Omit all pictures and give the records below again exactly as written.

........

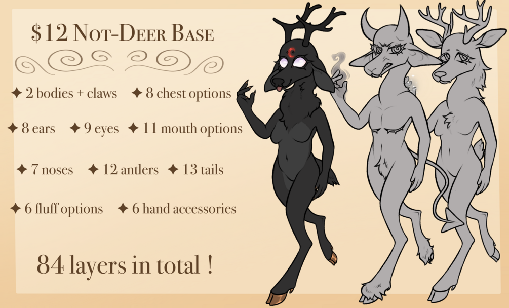 - 84 layers to create your own anthro deer cryptids (or anthro deer in general)!
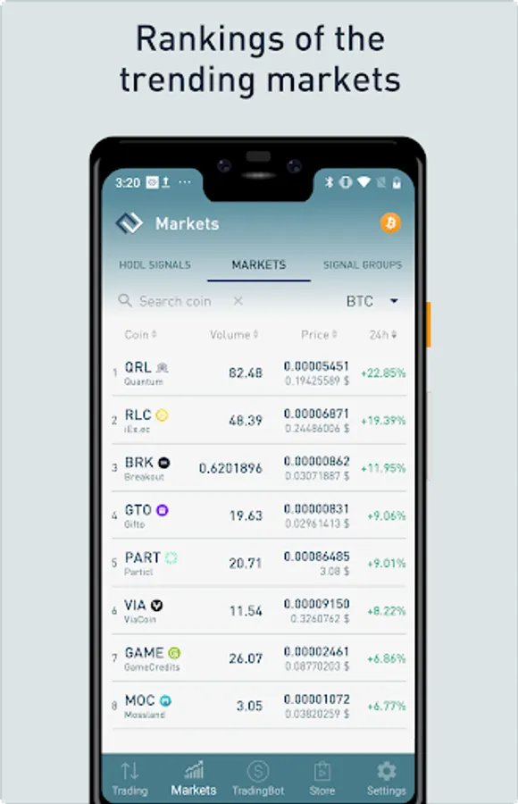 Just write the coin, buy and sell really quickly with the trading bot. Take advantage from others buying when the price is still rising. You will love trading with this app.
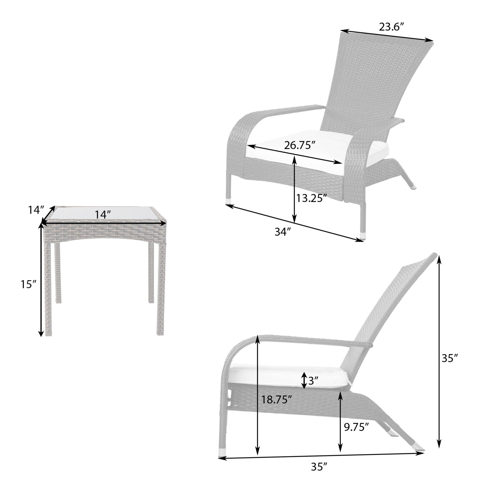 COCONINO WICKER CONVERSATION SET: The Coconino Wicker Conversation Set is constructed of all weather wicker and includes khaki cushions. The lightweight yet durable Adirondack style chairs and tinted glass-topped side table are perfect for enjoying an evening on the patio or relaxing poolside. The attractive mocha finish is the perfect accent for any patio. This wicker set can be used all year round and provides a maintenance-free outdoor seating experience. All-weather wicker construction | Beautiful mocha finish | Khaki outdoor cushion included. Zero maintenance | Easy assembly | Lightweight for ease of mobility | Weight limit per chair is 220 lbs. ASSEMBLED DIMENSIONS: Chair: 35″L x 34″W x 35″H, Weight: 15.5 lbs | Table: 14″L x 14″W x 15″H, Weight: 8.7 lbs
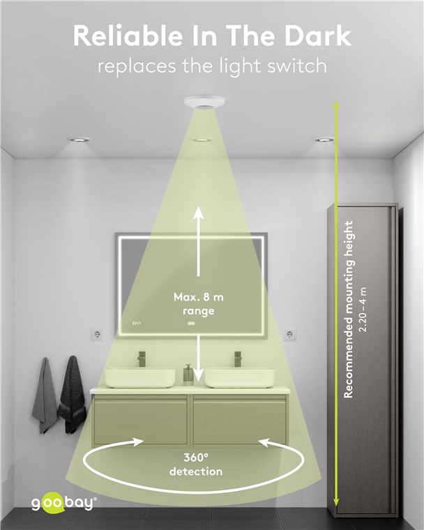 - Mit einem Erfassungswinkel von 360° ideal für die Unterputz-Deckenmontage, Installationshöhe: 2,20 m bis 4 m
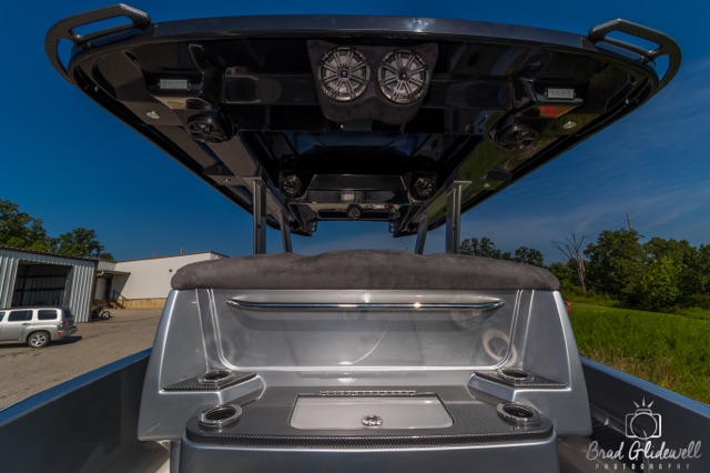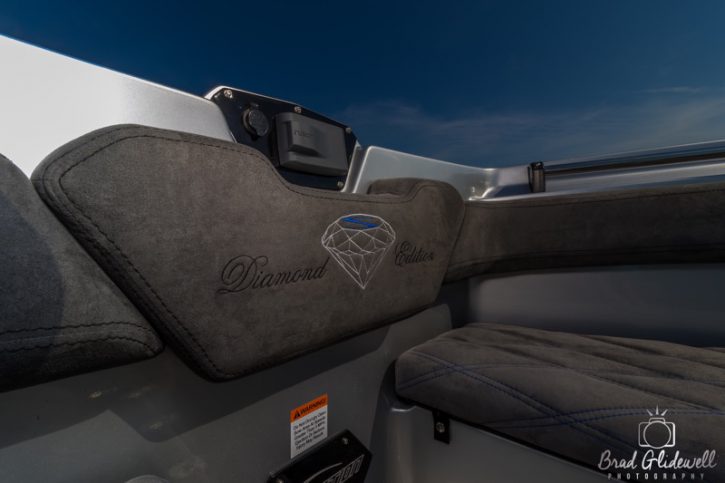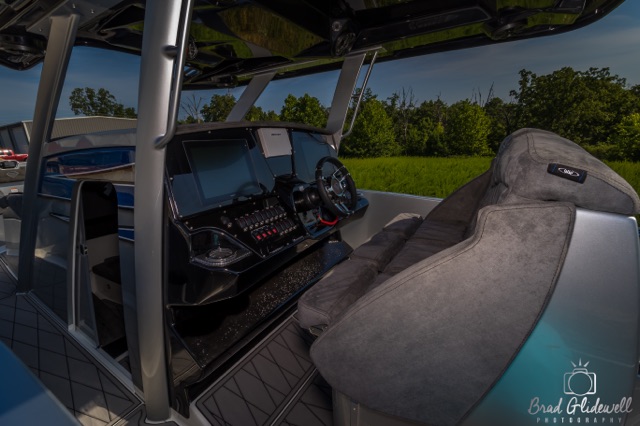 This changed when Jared forced a new build with some incredibly special features. This new 34 CCX “Diamond Edition” features some very custom interior features done by Waves and Wheels. The full Alcantara XO material with incredibly detailed stitching and design has set a new standard for these CCX interiors. In addition to the upholstery, Waves and Wheels installed one of their remarkable stereo systems as well as Sea Deck Flooring. The ultra unique custom paint was handled by Clayton at Custom Colors.
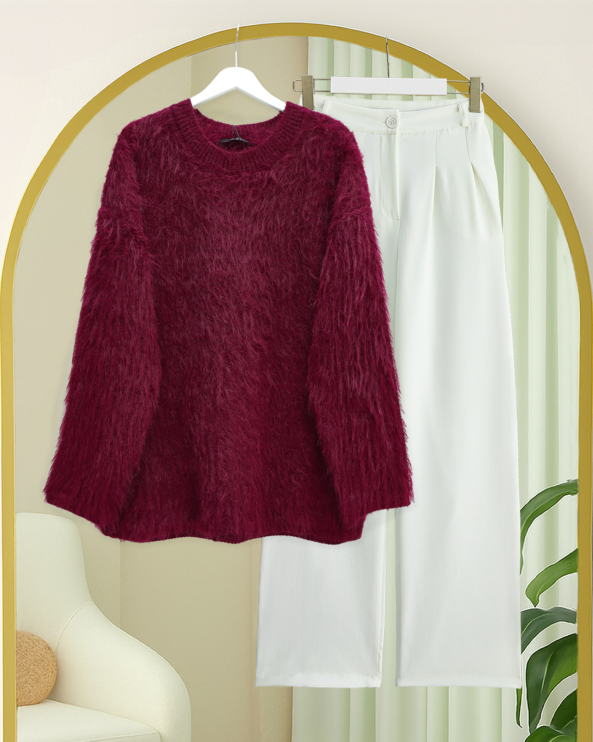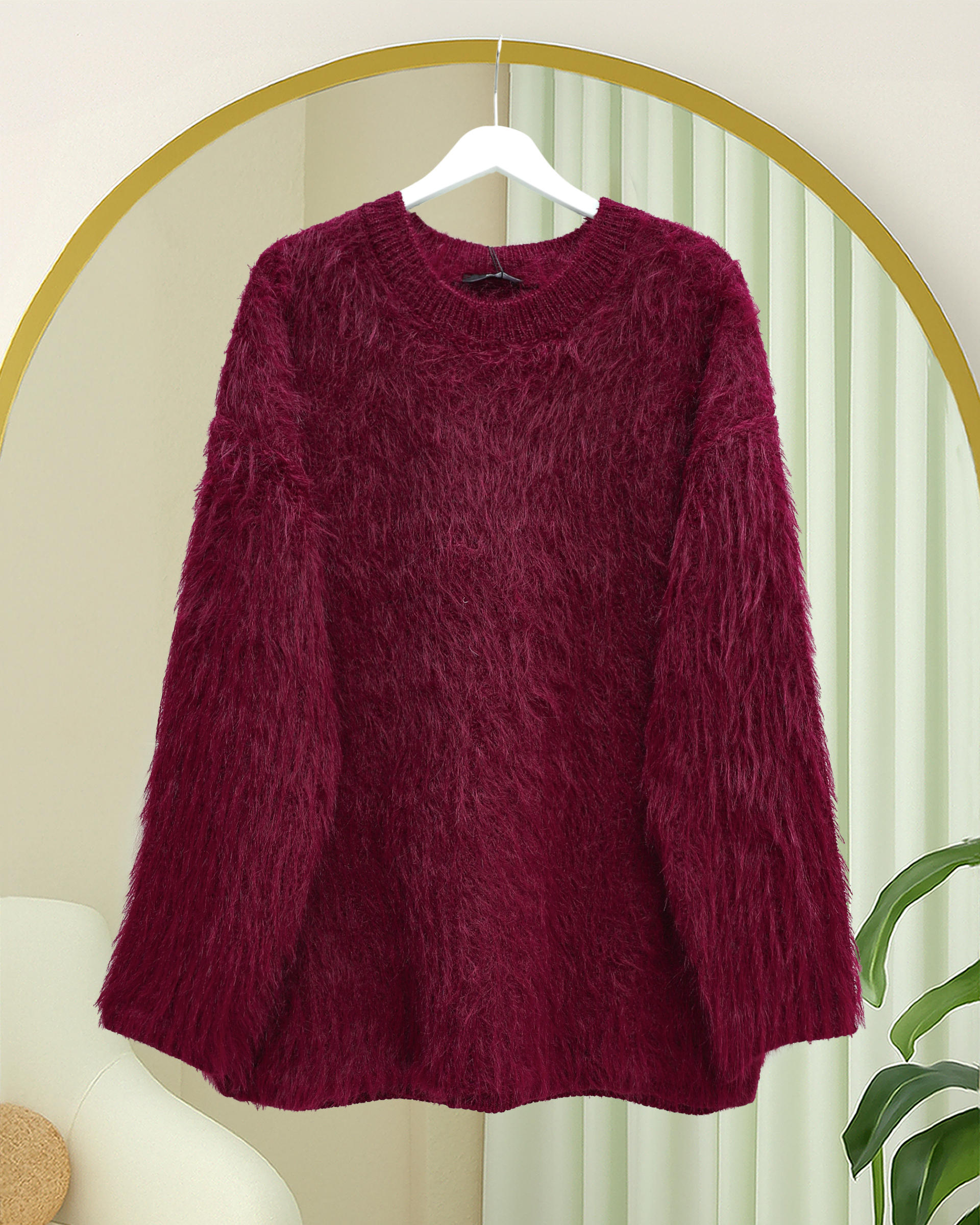 Yuvarlak Yaka Sakallı Triko Kazak -Bordo-Bordo
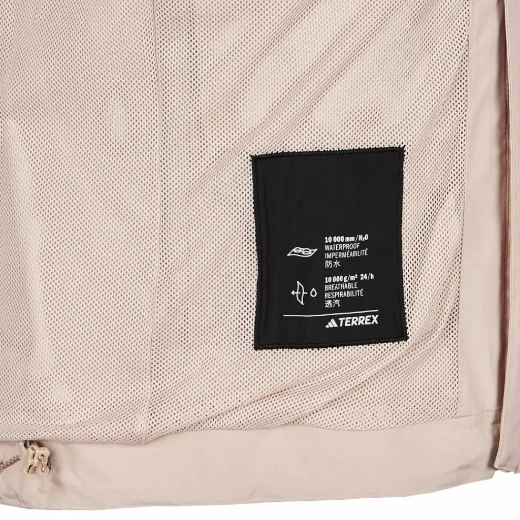 Neben den beiden Einschubtaschen verfügt die Jacke außerdem über eine Brusttasche mit Reißverschluss, die etwas tiefer als gewöhnlich angebracht ist. So drücken die Gegenstände in der Tasche nicht unangenehm auf der Brust. Die versetzten Schulternähte bieten mehr Komfort, wenn du mit einem Rucksack unterwegs bist. Die asymmetrisch geschnittenen, teilelastischen Ärmelbündchen decken auch die Handrücken gut ab und der Schnürzug im Saum verhindert, dass kalter Wind ungehindert von unten in die Jacke gelangen kann. So ist die Regenjacke ein zuverlässiger Begleiter für deine Tageswanderungen, für Städtereisen oder einfach für den verregneten Alltag.
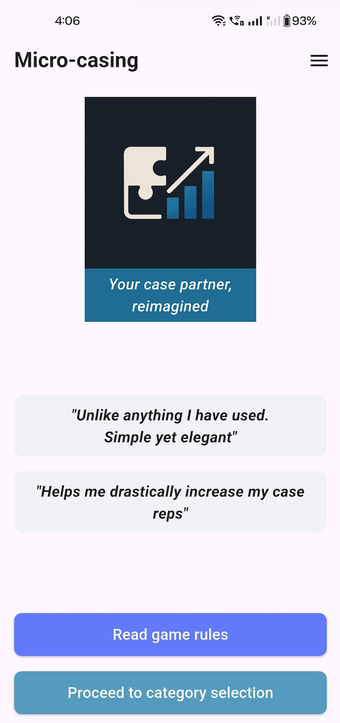 Micro-casing is een gratis onderwijsapp gebouwd voor mensen die zich voorbereiden op consulting interviews bij bedrijven zoals McKinsey, BCG en Bain, evenals MBA-studenten en professionals in strategie of financiën. Het richt zich op het helpen van jou om je probleemoplossend vermogen en gestructureerd denken vaardigheden op een praktische manier te versterken.
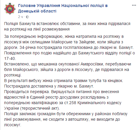 "По предварительной информации, женщина из неподконтрольной Украине Амбросиевки наткнулась на растяжку в лесополосе между поселками Майорское и Зайцево, когда сошла с дороги. 34-летнюю пострадавшую госпитализировали в больницу Бахмута", - говорится в сообщении.
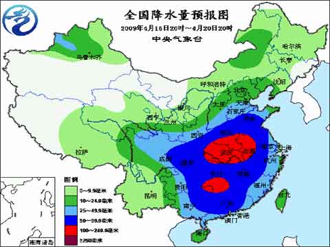 全國(guó)降水量預(yù)報(bào)圖(2009年4月16日20時(shí)~20日20時(shí))
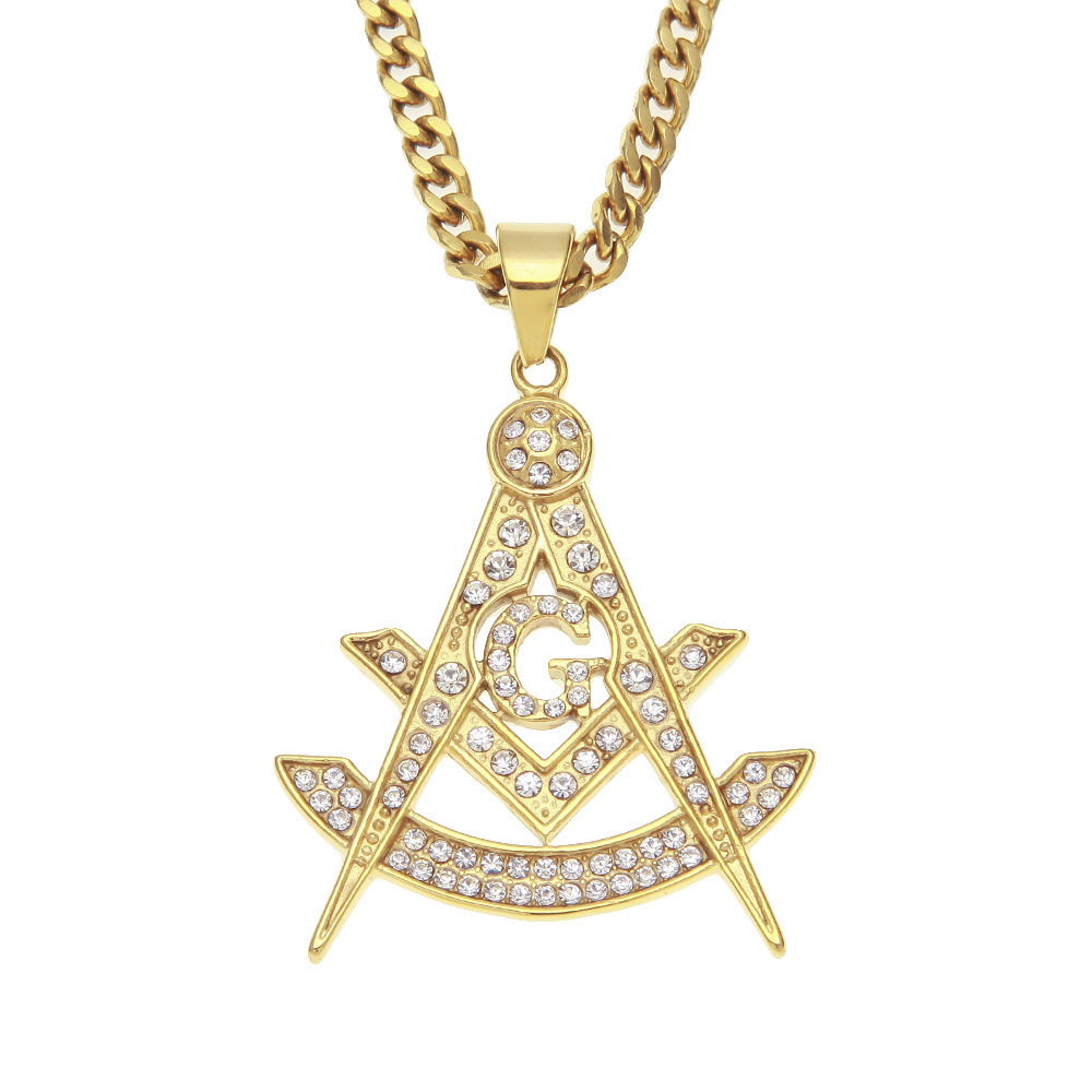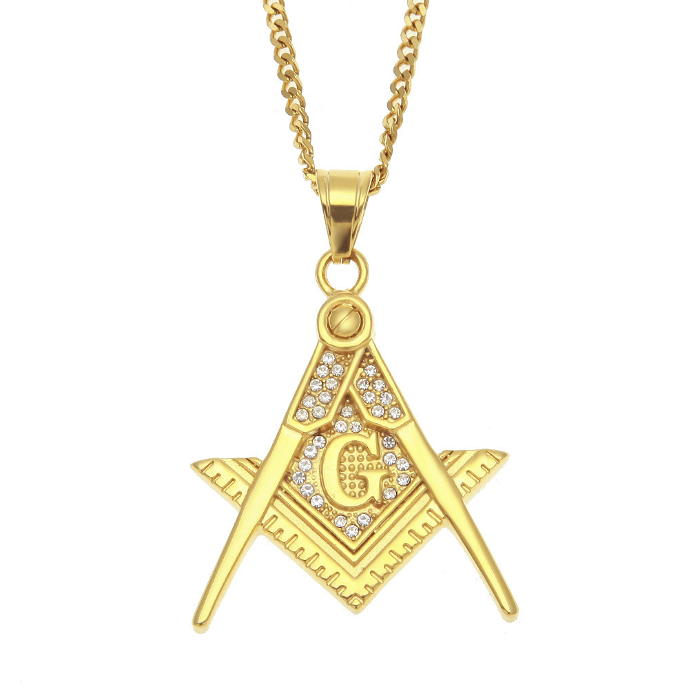 | nameOriginal | European and American cross-border HIPHOP stainless steel gold plated rhinestone AG Masonic pendant jewelry necklace hip hop trend |

........

_EXERCISE ANSWER_:
 - 84 layers to create your own anthro deer cryptids (or anthro deer in general)!
 Just write the coin, buy and sell really quickly with the trading bot. Take advantage from others buying when the price is still rising. You will love trading with this app.
 COCONINO WICKER CONVERSATION SET: The Coconino Wicker Conversation Set is constructed of all weather wicker and includes khaki cushions. The lightweight yet durable Adirondack style chairs and tinted glass-topped side table are perfect for enjoying an evening on the patio or relaxing poolside. The attractive mocha finish is the perfect accent for any patio. This wicker set can be used all year round and provides a maintenance-free outdoor seating experience. All-weather wicker construction | Beautiful mocha finish | Khaki outdoor cushion included. Zero maintenance | Easy assembly | Lightweight for ease of mobility | Weight limit per chair is 220 lbs. ASSEMBLED DIMENSIONS: Chair: 35″L x 34″W x 35″H, Weight: 15.5 lbs | Table: 14″L x 14″W x 15″H, Weight: 8.7 lbs
 - Mit einem Erfassungswinkel von 360° ideal für die Unterputz-Deckenmontage, Installationshöhe: 2,20 m bis 4 m
 This changed when Jared forced a new build with some incredibly special features. This new 34 CCX “Diamond Edition” features some very custom interior features done by Waves and Wheels. The full Alcantara XO material with incredibly detailed stitching and design has set a new standard for these CCX interiors. In addition to the upholstery, Waves and Wheels installed one of their remarkable stereo systems as well as Sea Deck Flooring. The ultra unique custom paint was handled by Clayton at Custom Colors.
 Yuvarlak Yaka Sakallı Triko Kazak -Bordo-Bordo
 Neben den beiden Einschubtaschen verfügt die Jacke außerdem über eine Brusttasche mit Reißverschluss, die etwas tiefer als gewöhnlich angebracht ist. So drücken die Gegenstände in der Tasche nicht unangenehm auf der Brust. Die versetzten Schulternähte bieten mehr Komfort, wenn du mit einem Rucksack unterwegs bist. Die asymmetrisch geschnittenen, teilelastischen Ärmelbündchen decken auch die Handrücken gut ab und der Schnürzug im Saum verhindert, dass kalter Wind ungehindert von unten in die Jacke gelangen kann. So ist die Regenjacke ein zuverlässiger Begleiter für deine Tageswanderungen, für Städtereisen oder einfach für den verregneten Alltag.
 Micro-casing is een gratis onderwijsapp gebouwd voor mensen die zich voorbereiden op consulting interviews bij bedrijven zoals McKinsey, BCG en Bain, evenals MBA-studenten en professionals in strategie of financiën. Het richt zich op het helpen van jou om je probleemoplossend vermogen en gestructureerd denken vaardigheden op een praktische manier te versterken.
 "По предварительной информации, женщина из неподконтрольной Украине Амбросиевки наткнулась на растяжку в лесополосе между поселками Майорское и Зайцево, когда сошла с дороги. 34-летнюю пострадавшую госпитализировали в больницу Бахмута", - говорится в сообщении.
 全國(guó)降水量預(yù)報(bào)圖(2009年4月16日20時(shí)~20日20時(shí))
 | nameOriginal | European and American cross-border HIPHOP stainless steel gold plated rhinestone AG Masonic pendant jewelry necklace hip hop trend |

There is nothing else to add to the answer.